Data records:
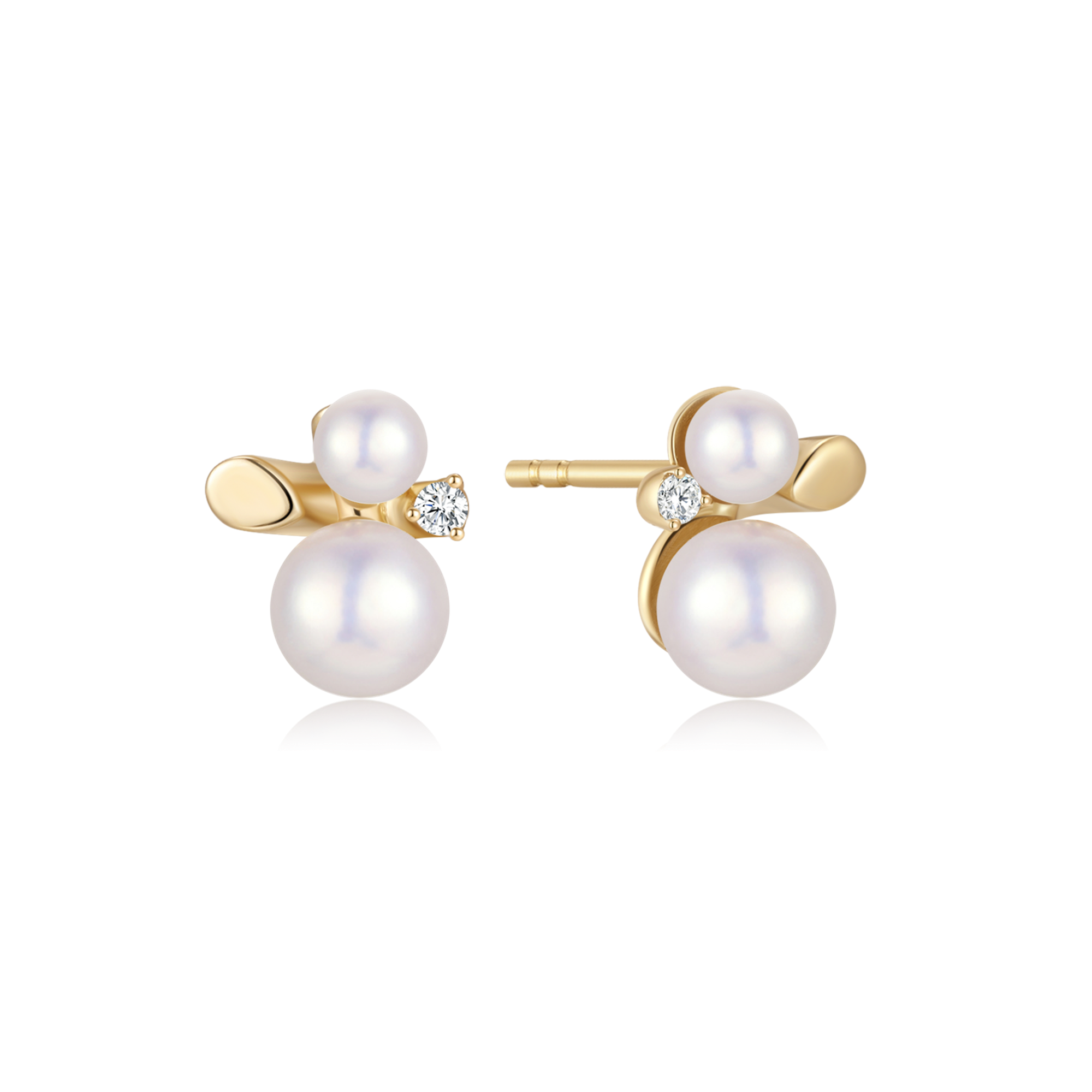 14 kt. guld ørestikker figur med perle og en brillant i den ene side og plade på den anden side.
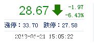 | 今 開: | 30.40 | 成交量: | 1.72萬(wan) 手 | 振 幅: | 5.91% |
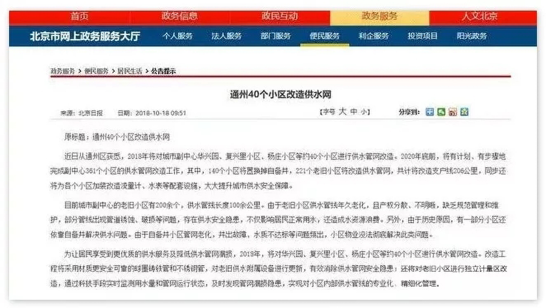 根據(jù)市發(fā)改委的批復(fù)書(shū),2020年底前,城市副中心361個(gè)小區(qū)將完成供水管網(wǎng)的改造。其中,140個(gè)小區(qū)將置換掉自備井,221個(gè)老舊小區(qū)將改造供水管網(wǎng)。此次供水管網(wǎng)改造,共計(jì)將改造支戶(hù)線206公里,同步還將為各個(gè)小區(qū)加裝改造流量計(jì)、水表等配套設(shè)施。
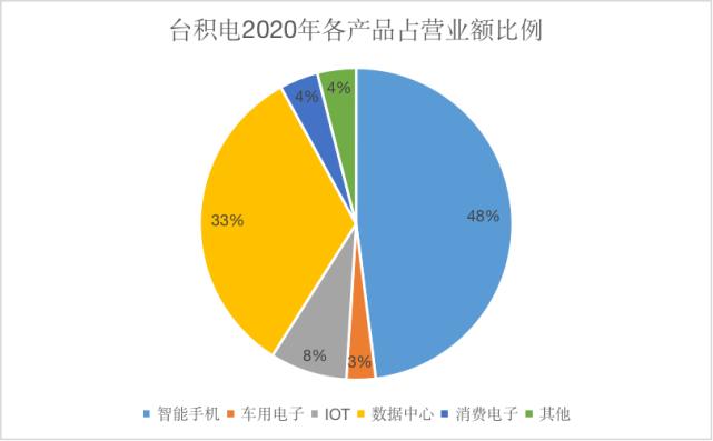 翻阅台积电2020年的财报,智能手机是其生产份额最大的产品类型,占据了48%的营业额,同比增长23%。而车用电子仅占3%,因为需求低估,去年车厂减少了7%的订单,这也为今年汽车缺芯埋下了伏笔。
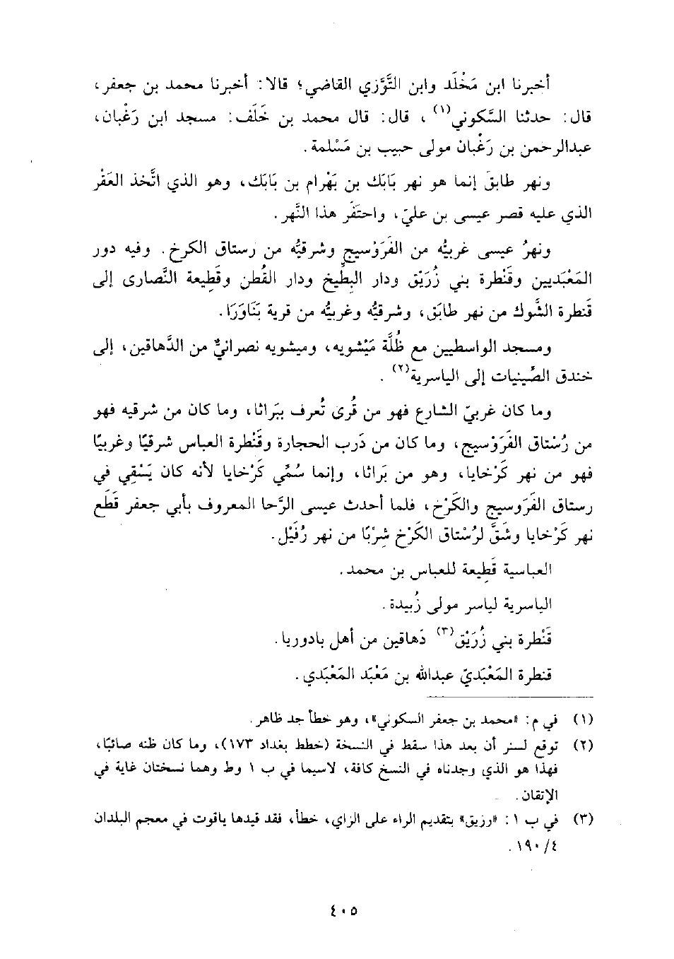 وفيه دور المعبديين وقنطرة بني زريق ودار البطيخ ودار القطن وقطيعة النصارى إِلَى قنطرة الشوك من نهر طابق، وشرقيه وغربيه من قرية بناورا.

◆ What is required
Would you copy out every line of the data above exactly, minus the pictures?

◆ Your response
 14 kt. guld ørestikker figur med perle og en brillant i den ene side og plade på den anden side.
 | 今 開: | 30.40 | 成交量: | 1.72萬(wan) 手 | 振 幅: | 5.91% |
 根據(jù)市發(fā)改委的批復(fù)書(shū),2020年底前,城市副中心361個(gè)小區(qū)將完成供水管網(wǎng)的改造。其中,140個(gè)小區(qū)將置換掉自備井,221個(gè)老舊小區(qū)將改造供水管網(wǎng)。此次供水管網(wǎng)改造,共計(jì)將改造支戶(hù)線206公里,同步還將為各個(gè)小區(qū)加裝改造流量計(jì)、水表等配套設(shè)施。
 翻阅台积电2020年的财报,智能手机是其生产份额最大的产品类型,占据了48%的营业额,同比增长23%。而车用电子仅占3%,因为需求低估,去年车厂减少了7%的订单,这也为今年汽车缺芯埋下了伏笔。
 وفيه دور المعبديين وقنطرة بني زريق ودار البطيخ ودار القطن وقطيعة النصارى إِلَى قنطرة الشوك من نهر طابق، وشرقيه وغربيه من قرية بناورا.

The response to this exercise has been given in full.